In the final course (M308) we assigned a grade value of 1.0 to a grade of Q,
while in the initial course we multiplied the grade point ratio of
the students passed on by the retention rate (those completing the course
divided by those officially registered).
The possible effect of Qdrops on the evaluation scores themselves was not
taken into consideration.
The results are shown in Figure 8 which uses the actual grade point averages
for the initial course and in Figure 9 where the gpa has been
modified by the described process.
The average Qdrop rates for the three feeder courses is not the same;
3.9% for M151, 4.3% for M152 and 9.0% for M251.
As one can see, this modification for Qdrops makes some
change in the in correlation index, but the overall picture is very similar.
This is not to say that Qdrops should also play a small
part in other correlations, and in particular, not for the case
of an individual instructor.
For example, when the data used to construct figure 6
was run to include Qdrops as a nonsuccess factor
very little difference was found for most instructors.
This is consistent with the low rate of Qdrop in the second course (M152).
However, a few instructors had their success rate drop by 50%,
an indication of a possible problem.
An objection to using student performance in downstream courses
as a mechanism for evaluating teaching effectiveness
is that in longer chain sequences the instructor of the first course
may be expected to have a lesser effect on the performance
of his or her students on the final class in the sequence
due to the influence of the intermediary instructors.
More importantly, this may be difficult to quantify
with the available amount of information.
There is some evidence of such a difference from the data contained
in figures 8 and 9.
Another objection to this method of evaluation
is the possibility that only serious students willingly take courses from the
``hard'' instructors and so this faculty group start out with an
unrepresentative sample.
If this is in fact the case then it would indeed be difficult to compensate
for the skewed sample.
However, even with full information students are rarely
able to plan their schedules to take every section of choice,
and it is unlikely that this effect is any greater than that attributable
to the time the class meets.
However, the assumption that all sections of a course being compared
have very similar students profiles as regards ability and motivation
is critical to the analysis of this section.

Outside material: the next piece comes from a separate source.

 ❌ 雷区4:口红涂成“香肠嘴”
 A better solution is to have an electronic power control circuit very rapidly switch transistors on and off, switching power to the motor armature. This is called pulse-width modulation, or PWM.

One facet of this particular issue will be studied in the next chapter.
The results indicate that the assumption is in fact open to serious
question.
The limited nature of this study must be understood.
Only four semesters of information was available and only a relatively
small number (40%) of the faculty participated in the this calculus sequence
Yet there was considerable consistency in many respects.

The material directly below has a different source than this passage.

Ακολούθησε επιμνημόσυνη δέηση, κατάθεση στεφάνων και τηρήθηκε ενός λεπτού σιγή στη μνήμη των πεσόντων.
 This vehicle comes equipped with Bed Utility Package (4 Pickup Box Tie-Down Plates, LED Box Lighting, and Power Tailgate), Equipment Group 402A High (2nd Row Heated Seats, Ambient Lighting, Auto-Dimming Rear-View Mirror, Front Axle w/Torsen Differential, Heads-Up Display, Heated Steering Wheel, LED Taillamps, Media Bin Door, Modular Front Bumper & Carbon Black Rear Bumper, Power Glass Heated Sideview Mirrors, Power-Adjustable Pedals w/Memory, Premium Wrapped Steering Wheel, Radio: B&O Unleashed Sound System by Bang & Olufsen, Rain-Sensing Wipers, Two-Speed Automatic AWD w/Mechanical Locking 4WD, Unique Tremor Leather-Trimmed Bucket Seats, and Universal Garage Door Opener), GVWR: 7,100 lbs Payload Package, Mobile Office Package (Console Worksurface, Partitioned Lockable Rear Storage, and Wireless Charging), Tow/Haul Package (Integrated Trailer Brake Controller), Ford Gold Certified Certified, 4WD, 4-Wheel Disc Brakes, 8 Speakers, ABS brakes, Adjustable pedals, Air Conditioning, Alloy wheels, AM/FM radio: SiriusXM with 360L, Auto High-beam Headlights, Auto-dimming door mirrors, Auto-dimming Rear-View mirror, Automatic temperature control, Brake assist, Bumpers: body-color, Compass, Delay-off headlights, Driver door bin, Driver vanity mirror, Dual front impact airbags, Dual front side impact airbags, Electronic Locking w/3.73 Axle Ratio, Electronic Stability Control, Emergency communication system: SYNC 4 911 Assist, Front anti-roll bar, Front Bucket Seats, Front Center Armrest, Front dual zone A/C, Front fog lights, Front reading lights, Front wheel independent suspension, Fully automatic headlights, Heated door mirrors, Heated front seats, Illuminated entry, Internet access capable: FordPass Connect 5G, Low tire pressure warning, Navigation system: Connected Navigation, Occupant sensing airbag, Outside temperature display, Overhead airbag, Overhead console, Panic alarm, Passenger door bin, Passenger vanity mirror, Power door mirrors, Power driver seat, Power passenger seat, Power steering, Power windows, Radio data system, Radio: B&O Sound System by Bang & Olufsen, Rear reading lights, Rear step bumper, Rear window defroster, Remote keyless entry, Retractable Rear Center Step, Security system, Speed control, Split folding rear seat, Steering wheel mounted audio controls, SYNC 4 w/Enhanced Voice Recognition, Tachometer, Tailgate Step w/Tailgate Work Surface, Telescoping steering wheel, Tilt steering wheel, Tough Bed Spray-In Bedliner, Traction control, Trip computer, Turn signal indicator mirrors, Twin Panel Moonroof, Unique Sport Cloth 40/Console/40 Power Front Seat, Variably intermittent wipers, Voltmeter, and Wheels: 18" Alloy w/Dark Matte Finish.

Instructors who appeared in more than one graph
tended to have very similar carryon success rates.
However, it must be noted that
this rate, being a single number, cannot be expected to capture many of
the nuances of a complex process and most of the modifications suggested
as being relevant for the average student evaluation index are applicable
here also.
If this carryon success rate is a valid measure then there must be
legitimate concern with the
use of student evaluations as a primary source of teaching effectiveness.

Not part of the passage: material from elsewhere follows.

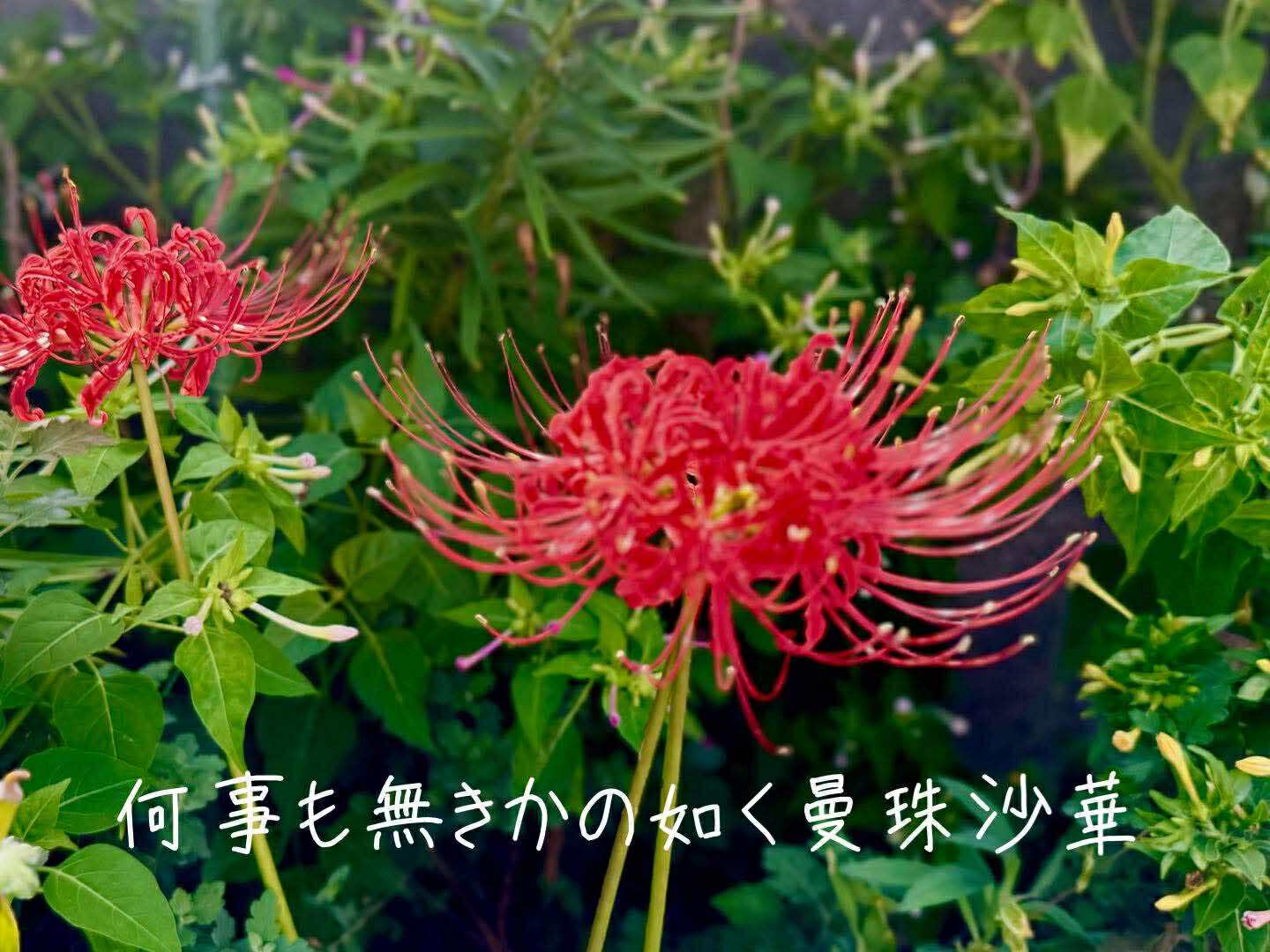 俳句フォトエッセイ2025.10.09何事も無きかの如く曼珠沙華小山正見今年も曼珠沙華が咲いた。しかし、例年より遅い。曼珠沙華は別名彼岸花と呼ばれる。お彼岸の時期に丁度花盛りになるからだろう。「十日の菊」ではないが、お彼岸に間に合わない彼岸花は少々魔が抜けているように思う。しかし、曼珠沙華の方はそんなことお構いなしだ。秋空に赤い花を輝かせている。突き抜けて天上の紺曼珠沙華 山口誓子を知ったのは俳句を学び始めてすぐの頃だ。実に巧みな描写だ。紺に対比される曼珠沙華の赤が鮮やかに浮かびあがる。(書いてないのに!)歯切れが良く格調がある。すっかり気に入った。森澄雄の西国の畦曼珠沙華曼珠沙華も好きだ。にも関わらず、ぼくは曼珠沙華という花を好きになれない。なんとなく不気味だからだ。赤の色さえ不吉に思えてしまう。死人花という別名の方がピントくるほどだ。赤白を揃へて妖し曼珠沙華 正見と詠んだこともある。そんなわけで各地にある曼珠沙華の観光名所には行く気になれない。それでも曼珠沙華に関してすごく好きなこともある。山口百恵が歌った「曼珠沙華」である。こう書いて「まんじゅしゃか」と読ませる。この読み方はサンスクリット語だそうだ。作曲は宇崎竜童、作詞は阿木燿子である。ぼくはこの歌を門倉有希のカバーで何百回となく聴いた。涙にならない悲しみがある事を 知ったのは ついこの頃の歌詞で始まる失恋の歌だ。門倉有希は昨年6月に50歳で他界した。自称ファンだったぼくにとっては曼珠沙華は、さしずめ門倉有希を哀悼する花である。

Do all sections have similar student profiles?
This assumption is implicit in any comparisons that might be made
between different sections of a given course.
It is particularly important to be able to make such an assumption in the
study of success rate in downstream courses, or if it is invalid, to
find a means of compensating for the effect.
Attempting to test motivation levels of students is beyond any
data set that the Department possesses.
However, we can test whether the students in two different sections
have obtained a similar level of academic performance.
For mid or upper level courses we can use the current grade point ratio
of the students. This will not be useful for freshmen, but we can use
an index such as SAT score or high school rank.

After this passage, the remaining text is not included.